Thursday, May 19, 2016

Dave Hemker Lam - Predicting the end of Moore’s Law is like predicting a bear market

Here is a very nice and informative and forward looking interview of Dave Hemker CTO of Lam Research by Ed Sperling who is the editor in chief of Semiconductor Engineering. The interview covers key issues on for semiconductor process and manufacturing and the recent developments that will govern the semiconductor industry in the future like 3DNAND, Cross-Point Memory Technology and "Atomic-Level Engineering", which is yet another readout of ALE besides the beer classifications. Please do read the full interview at Semiconductor Engineering and below you will find some answers and statements that I found interesting from an atomic level point of view :

One-On-One: Dave Hemker, Semiconductor Engineering,
May 19th, 2016 - By: Ed Sperling

"Predicting the end of Moore’s Law is like predicting a bear market. Eventually you’re going to be right."

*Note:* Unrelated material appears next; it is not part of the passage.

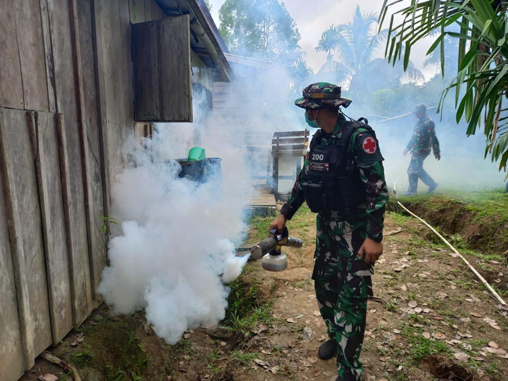 JAYAPURA – Sebagai upaya pencegahan dini terhadap penyebaran penyakit malaria, Satgas Yonif Raider 200/BN Pos Muara Nawa melaksanakan pengasapan (fogging) di Kampung Hulu Atas, Distrik Airu, Kabupaten Jayapura, Papua, pada Selasa (27/6/2023).

The terms "bull market" and "bear market" describe upward and downward market trends, respectively. Here these the statues of the two symbolic beasts of finance, the bear and the bull, in front of the Frankfurt Stock Exchange. [Wikipedia]

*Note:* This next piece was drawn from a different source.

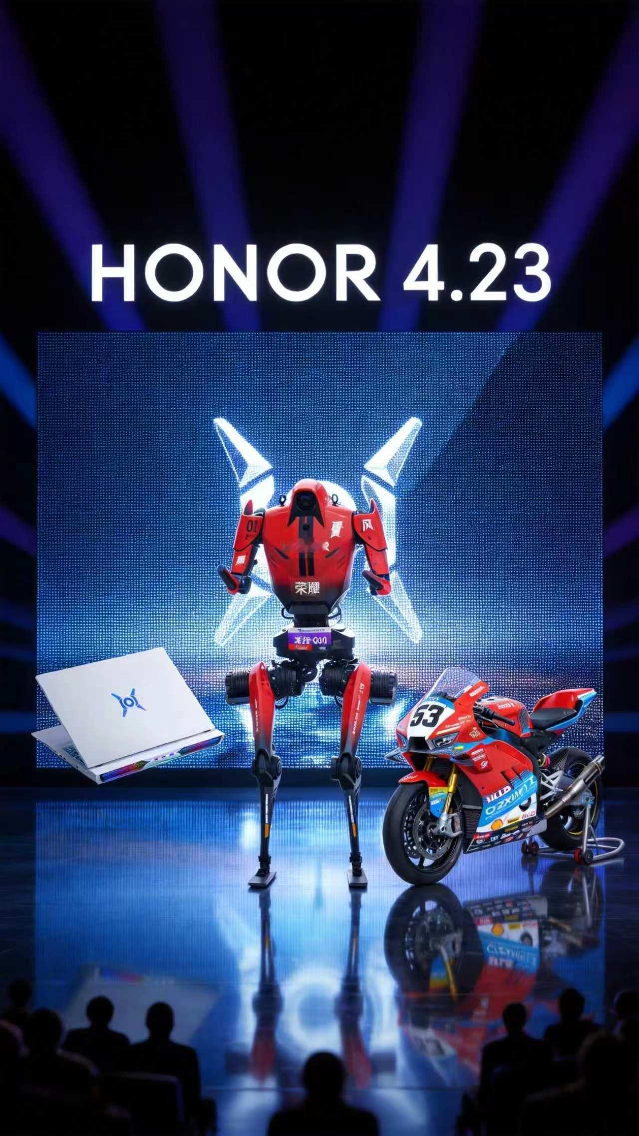 那个半马冠军荣耀机器人闪电和张雪机车也来了荣耀打洲本 的发布会现场 等会一起看荣耀WIN游戏本 发布

David Hemker is senior vice president and chief technology officer at Lam Research, where he is responsible for long-range research and technology development.[www.lamresearch.com]

Atomic-Level Engineering


Hemker: "All of the feature sizes now are on the order of nanometers. The variation is on the order of Angstroms because you have a 10 Angstrom window. Our critical feature control has to be under 0.5nm. That’s 5 Angstroms. A bond length is 2.5 Angstroms. We’re doing atomic-level engineering. That’s one of the new tools we’ll need. You need to peel off one layer in such a way that you have a perfect etch front, the same way you will need perfect conformality."
Sperling: "Isn’t that the tradeoff, namely how we get enough throughput and still manage to have that kind of control?"
 Hemker: "Yes. The good thing is that from an etch and dep perspective, as things are getting smaller they’re also getting thinner. There are lots of circumstances now where you can look at how much ALD is used in multi-patterning. Because you’re putting less material down, you don’t have to add half a micron. You can do 10nm in a very reasonable time frame, so ALD and ALE become very economical."